El caso de Buero es distinto, y por eso dudo de si Fitur era la plataforma adecuada para promocionar su obra. Cela es el carnaval del Viaje a la Alcarria. Buero es la profundidad de su legado intelectual. Vivimos en unos tiempos raros. Tiempos en los que se promocionan campus universitarios pensando en las coca-colas que tienen que vender los bares del centro, en lugar de hacer primar criterios pedagógicos. Tiempos en los que se manosean autores de referencia para convertirlos en meros reclamos turísticos. ¿Será posible algún día, algún año, algún siglo de estos, abordar un asunto cultural sin mercantilizarlo?

Buero Vallejo, de padre militar y madre de Taracena, nació en Guadalajara y aquí vivió su infancia salvo un breve lapsus en 1927. Estudió bachillerato en la capital arriacense y en el semanario UHP comenzó a plasmar su veta pictórica, que nunca dejó de cultivar pese a despuntar en la literatura.
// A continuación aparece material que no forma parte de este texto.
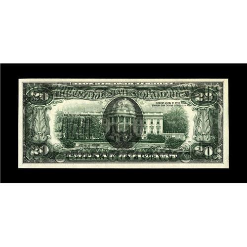 <B>Fr. 2072-H $20 1977 Federal Reserve Note. Gem Crisp Uncirculated.</B></I><BR>A very dark face to back offset is found on this St. Louis $20.<BR><BR><b>Shipping:</b> Coin/Currency (<a target="_blank" href="http://www.heritageauctions.com/common/shipping.php">view shipping information</a>)

La relación entre Buero y su ciudad natal fue generalmente fría e irregular, aunque ahora el principal teatro de Guadalajara lleve su nombre. Él huyó de lo que entonces era una pequeña capital de provincias para instalarse en Madrid, donde luego desarrolló un teatro surcado por la corriente del posibilismo. En contraste con la vía rupturista de Alfonso Sastre, Buero opuso resistencia al régimen franquista con una lucidez que exigía al lector leer entre líneas, ya fuera escarbando en la miseria de las barriadas de posguerra (Historia de una escalera), en la ceguera de Ignacio, que era la ceguera de quienes aspiraban a vivir en un país libre (En la ardiente oscuridad) o en los odios fraternales de dos hermanos separados tras la Guerra Civil (El tragaluz).

Buero pagó la defensa de los ideales republicanos con la cárcel -donde es sabido que trabó amistad con Miguel Hernández– y con una condena a muerte en 1939 por “adhesión a la rebelión”. Pero no con el exilio. Después de la guerra se quedó en España y burló la censura con una dramaturgia que la mayoría de los críticos especializados sitúan al nivel de Valle-Inclán o del propio Lorca. Su perfil tristón y su alergia a los focos no le ayudaron a cultivar un mito alrededor suyo. En cambio, le granjearon un prestigio de escritor de altura y de intelectual solvente de los que no se despojó hasta su muerte, hace ahora 16 años.

No se puede disociar la figura de Buero de su compromiso político y filosófico porque es precisamente ahí donde ancla su brillante literatura. Sería una pena infinita que, por dejadez o por sectarismo, el equipo del doctor Román fuera incapaz de ensalzar a Buero Vallejo como se merece. Esto es, como uno de los principales dramaturgos que han dado las letras españolas. Un arriacense universal.